I have typed this simple code to calculate the number of prime numbers between 2 and 5,000,000.
The algorithm works fine and it outputs the correct answer, however when I try to use OpenMP to speedup the execution it outputs a different answer every time.
#include "time.h"
#include "stdio.h"
#include "omp.h"
int main()
{
clock_t start = clock();
int count = 1;
int x;
bool flag;
#pragma omp parallel for schedule(static,1) num_threads(2) shared(count) private(x,flag)
for (x = 3; x <= 5000000; x+=2)
{
flag = false;
if (x == 2 || x == 3)
count++;
else if (x % 2 == 0 || x % 3 == 0)
continue;
else
{
for (int i = 5; i * i <= x; i += 6)
{
if (x % i == 0 || x % (i + 2) == 0)
{
flag = true;
break;
}
}
if (!flag)
count++;
}
}
clock_t end = clock();
printf("The execution took %f ms\n", (double)end - start / CLOCKS_PER_SEC);
printf("%d\n", count);
}
The code doesn't work for any number of threads, dynamic or static scheduling or different chunk sizes.

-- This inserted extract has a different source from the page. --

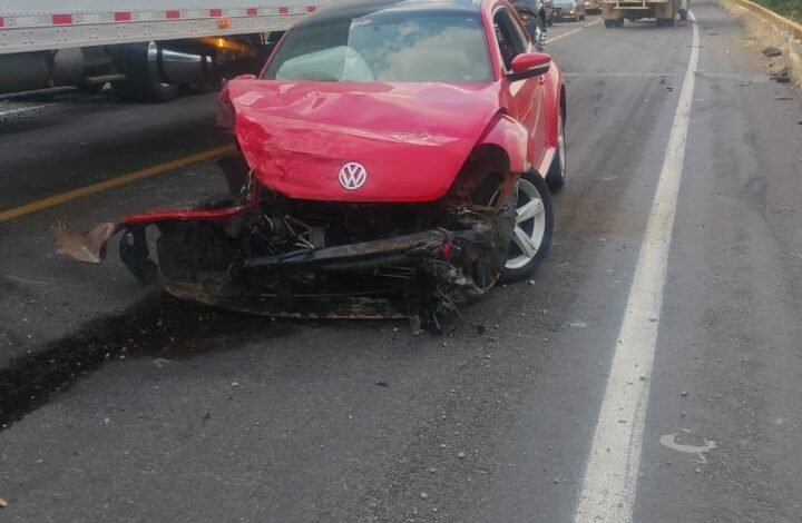 Uruapan, Mich.- 24 de octubre de 2025. Un violento accidente en la autopista Uruapan-Pátzcuaro dejó como saldo cuatro personas con lesiones de consideración. El siniestro ocurrió cerca del puente de Calicanto, específicamente en el kilómetro 4, donde un Volkswagen Beetle rojo y una camioneta Ford de doble rodado colisionaron de manera frontal, provocando que esta última terminara volcada sobre la carretera.

I have tried messing with private and shared variables but it still didn't work and declaring x and flag inside the for loop didn't work either.
I am using Visual Studio 2019 and I have OpenMP support enabled.
What's the problem with my code ?
You have race conditions with your count variable where multiple threads can try to update it at the same time. The easy fix is to use an OpenMP reduction() clause to give each thread a private copy of the variable and have them all get added up properly:
#include <time.h>
#include <stdio.h>
#include <stdbool.h>
int main(void)
{
clock_t start = clock();
int count = 1;
#pragma omp parallel for schedule(static,1) num_threads(2) reduction(+:count)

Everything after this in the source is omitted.